The law school will grant honorary doctorates during our 2009 commencement ceremony to the Honorable Jean Murrell Capers and Mr. James A. Thomas.

The Honorable Jean Murrell Capers, Class of 1945

The Honorable Jean Murrell Capers was born in Georgetown, Kentucky. Her father moved his family to Cleveland when she was a child so that his children could attend integrated schools. She graduated from Flora Mather Stone College, the women’s college of Western Reserve University, in 1933 and taught elementary school children in the Cleveland Public Schools.

As a member of Cleveland’s early civil rights organization, the Future Outlook League, Jean Murrell Capers participated in pickets and organized boycotts of companies and clubs that would not hire or admit African Americans during the 1930s and 40s. And sometime in the 1940s, she decided she had something to say, not just to Cleveland school children, but to the city and the world—something about being a black American and a citizen—and that she needed to be a lawyer to say it. Or, as she told an interviewer, “I did not go to law school so I could have a job. I went to law school so I could be of broader service to people.” She graduated from our predecessor law school, the Cleveland Law School, in 1945. Following her law school graduation she served as an Assistant Police Prosecutor; in 1949 she became the first woman of color ever elected to the Cleveland City Council, where she remained for three terms. From 1960 until 1962 she served as an Ohio Assistant Attorney General; in 1977 Governor James Rhodes appointed her to the Cleveland Municipal Court. She was subsequently elected and remained on the bench until 1986. She has held memberships in the National Bar Association, the NAACP, the Urban League, the National Association of Black Women Lawyers, the Council on Human Relations and many other political organizations. And in 1999, at age 86, she ran as an independent candidate for the U.S. Congress. In January 2010, Judge Capers will celebrate her 97th birthday.

James A. Thomas, Class of 1963

James A. Thomas was born in Pembroke, North Carolina, attended high school in Cleveland, and earned his undergraduate degree in economics with honors from Baldwin-Wallace College. He earned his JD in 1963, magna cum laude, from our law school. He is the founder, Chairman of the Board, President and Chief Executive Officer of Thomas Properties Group, Inc., a national real estate developer of properties throughout the United States.

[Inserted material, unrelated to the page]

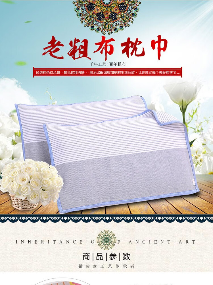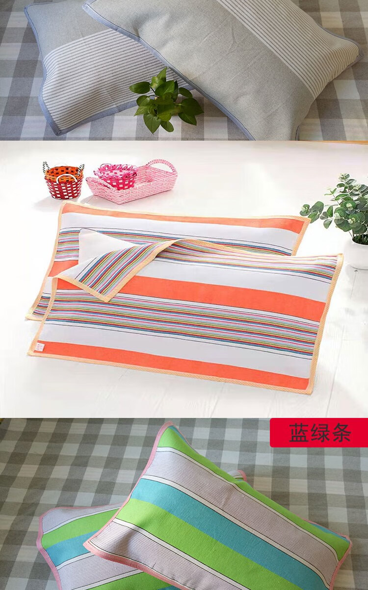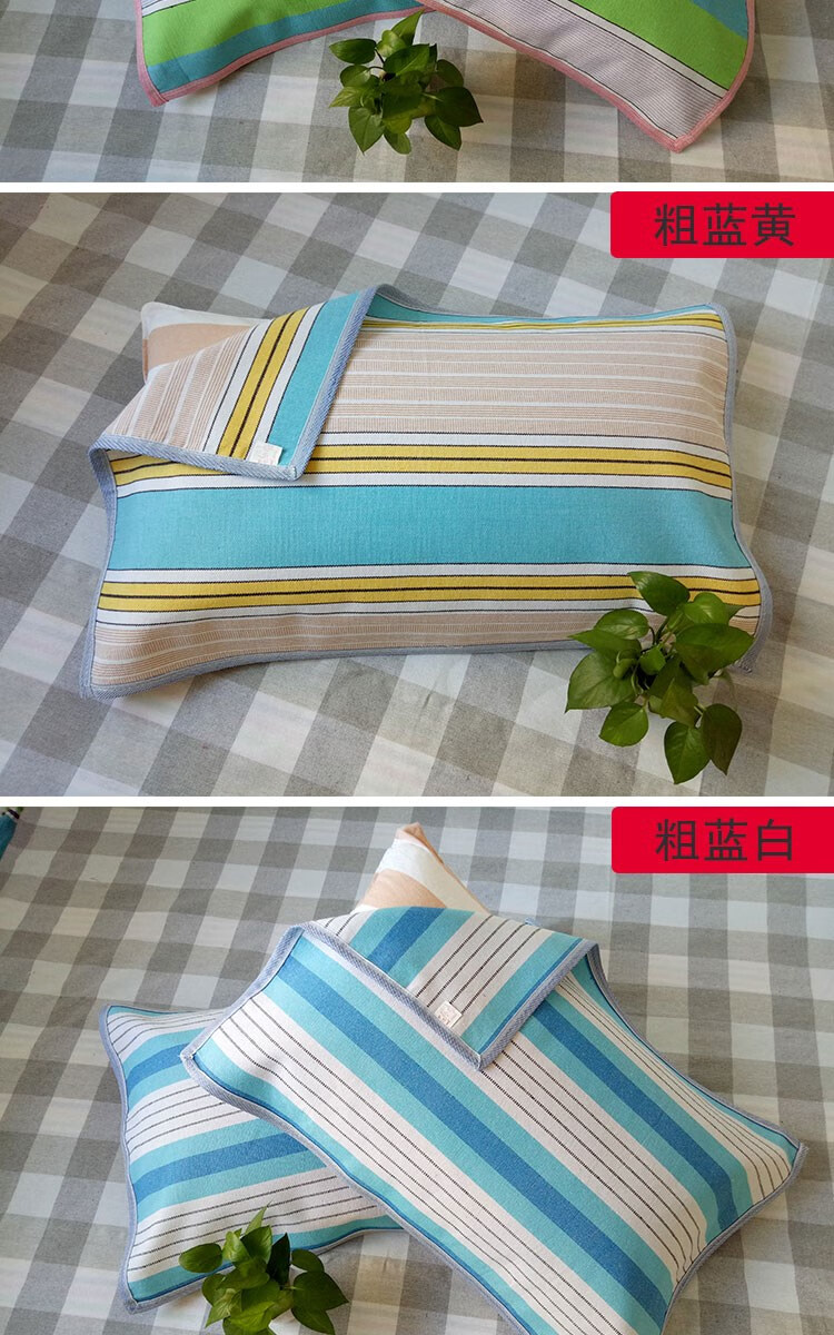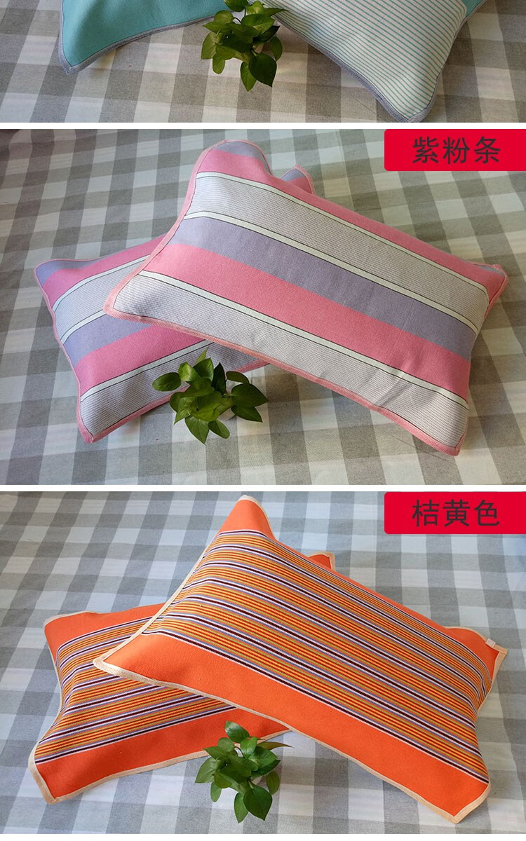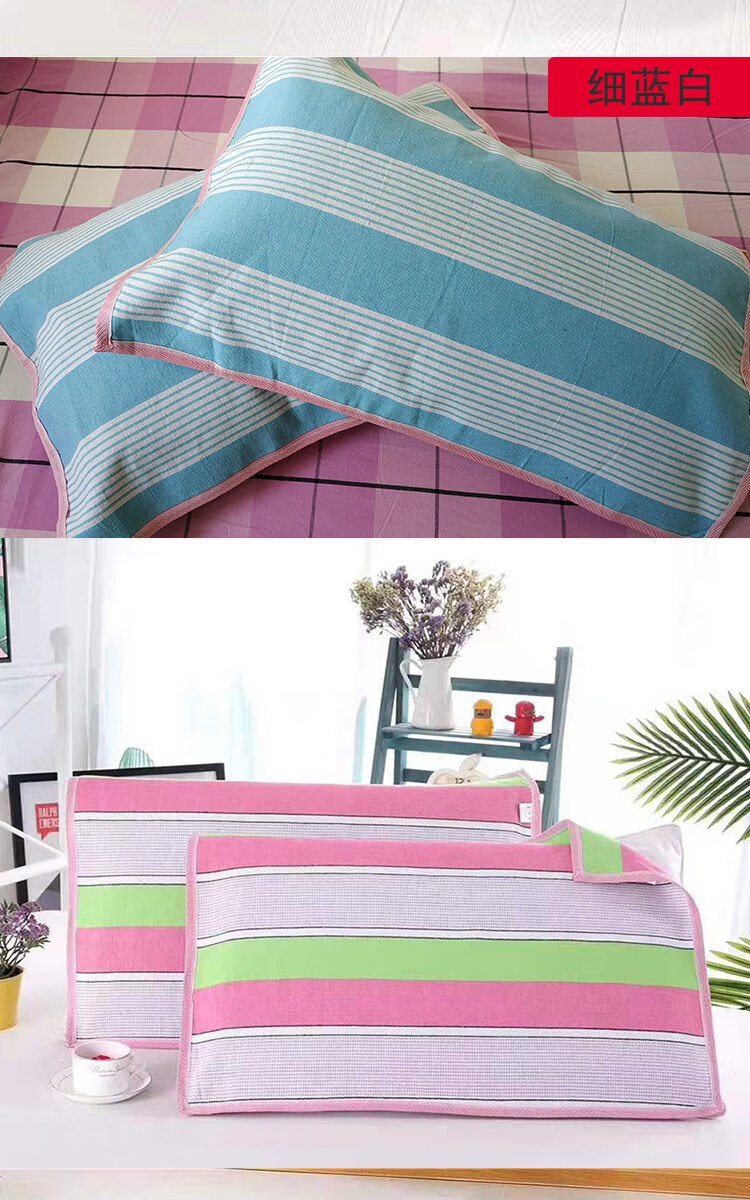 Frangomu thickened old coarse cloth pillow towel linen single encrypted pillow towel for all seasons, sweat-absorbent and breathable 47*74 pair, rose red and gray strips pair

Before founding Thomas Properties in 2004, he was a partner in two prominent Los Angeles law firms, served in the Regional Counsel’s Office of the Internal Revenue Service and was the Chairman of the Board and CEO of TPG, a predecessor to Thomas Properties. Mr. Thomas was Chief Executive Officer and principal owner of the Sacramento Kings NBA Basketball team and the ARCO Arena from 1992 to 1999.

Mr. Thomas has served the greater Los Angeles community conscientiously throughout his career. He has been a chair and member of the boards of a number of local and national civic and cultural organizations, including the Los Angeles County Museum of Art, St. John’s Health Center Foundation in Santa Monica, the Music Center of Los Angeles County and the I Have a Dream Foundation. A pioneer in sustainable real estate, Thomas Properties Group has received a numerous awards for its leadership in sustainability building.

Mr. Thomas was the founding chair of the law school’s National Advisory Council and is now co-chair of Cleveland-Marshall’s Fund for Excellence committee. His generous support created the James A. Thomas Distinguished Professorship in 2003 and, more recently, helped the law school create its largest scholarship fund through his $50,000 donation to the Bert L. and Iris S. Wolstein Scholarship Fund.